Tulip and Jesse stand back to back surrounded by men pointing guns at them

I’d like to start off this late-to-the-party celebration of Preacher’s 25th anniversary with a bit of background on my experience with comics books. I’ve always enjoyed them, but it wasn’t until about 3 or 4 years ago that I really started getting into collecting them. Back in high school I primarily read The Walking Dead, but about halfway through college, I paid a visit to a local comic book shop with a friend. I found the first volume of Preacher on the shelf and was taken in by its description. I like Westerns, and the comic seemed to be something of a modern day take on the genre. And while it certainly is that, to my surprise, it blended Westerns with many other genres, and I was blown away by how much it hooked me. It also opened the door for my own personal exploration of the comic book medium, and whereas I used to be hesitant about collecting them, I now have a whole shelf at home dedicated to various comics and manga. Preacher remains something special.

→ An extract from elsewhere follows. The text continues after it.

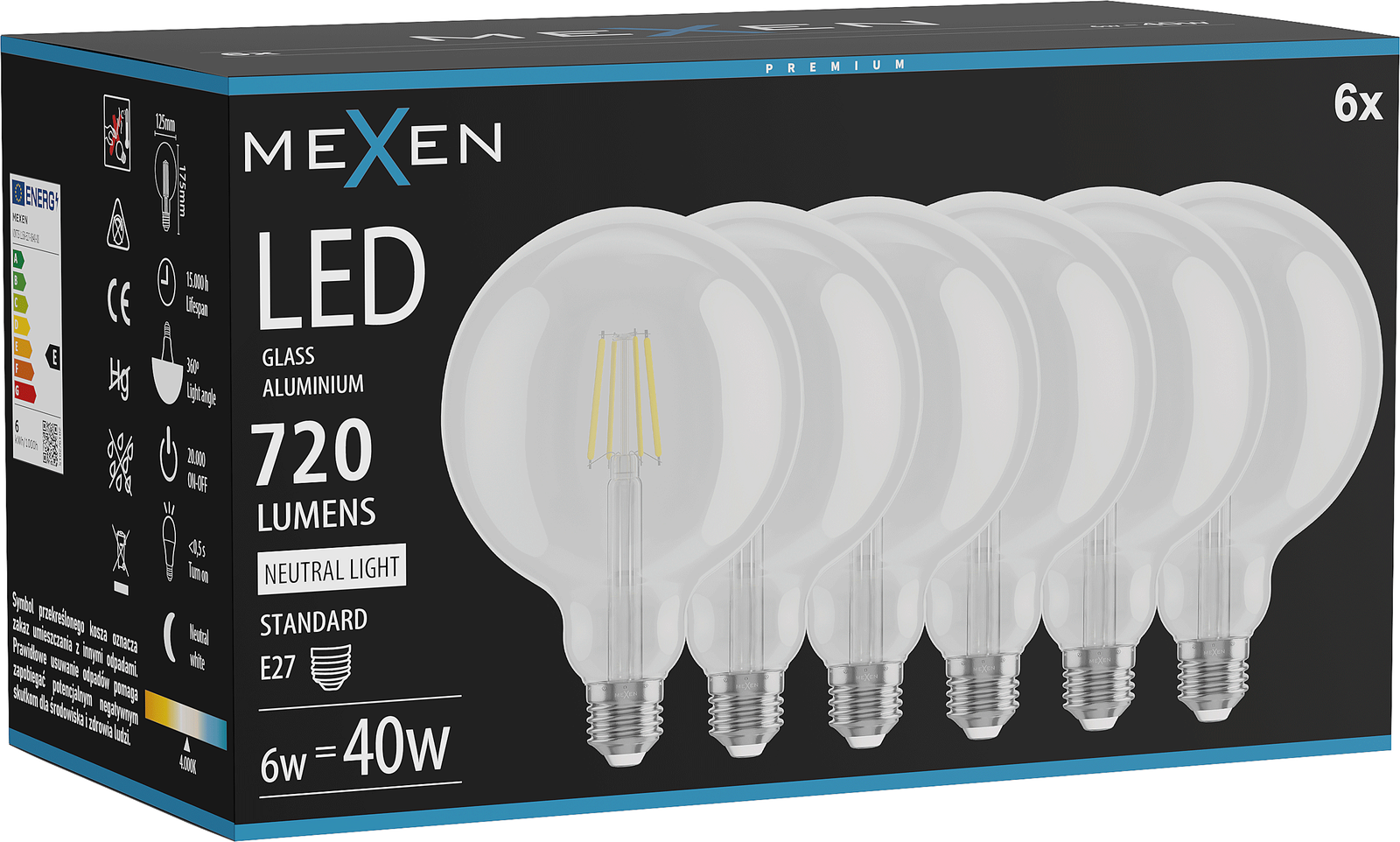 Mexen Vintis 6x LED Filament Bulb E27, G125, 6W, Neutral - 4000K, 720 lm, clear - L158-E27-0640-00x06

For those who don’t know, the comic book series follows a trio of characters on their trip across America in an effort to find God. You have Cassidy, an Irish sunglasses-wearing dude who, as it turns out, is a vampire. There’s Tulip, a tough-and-sexy young woman who is much more than just eye candy. And lastly, there’s Jesse Custer, a former preacher who has become the host for a half demon, half angel being. This entity allows him to use the Word of God, which will force people to do whatever he says in the most literal way possible. For instance, in the second volume, a guy pulls a gun on him and, in a fit of righteous fury, he tells the man to eat it. The man then breaks all of his teeth on the gun’s barrel and continues chewing.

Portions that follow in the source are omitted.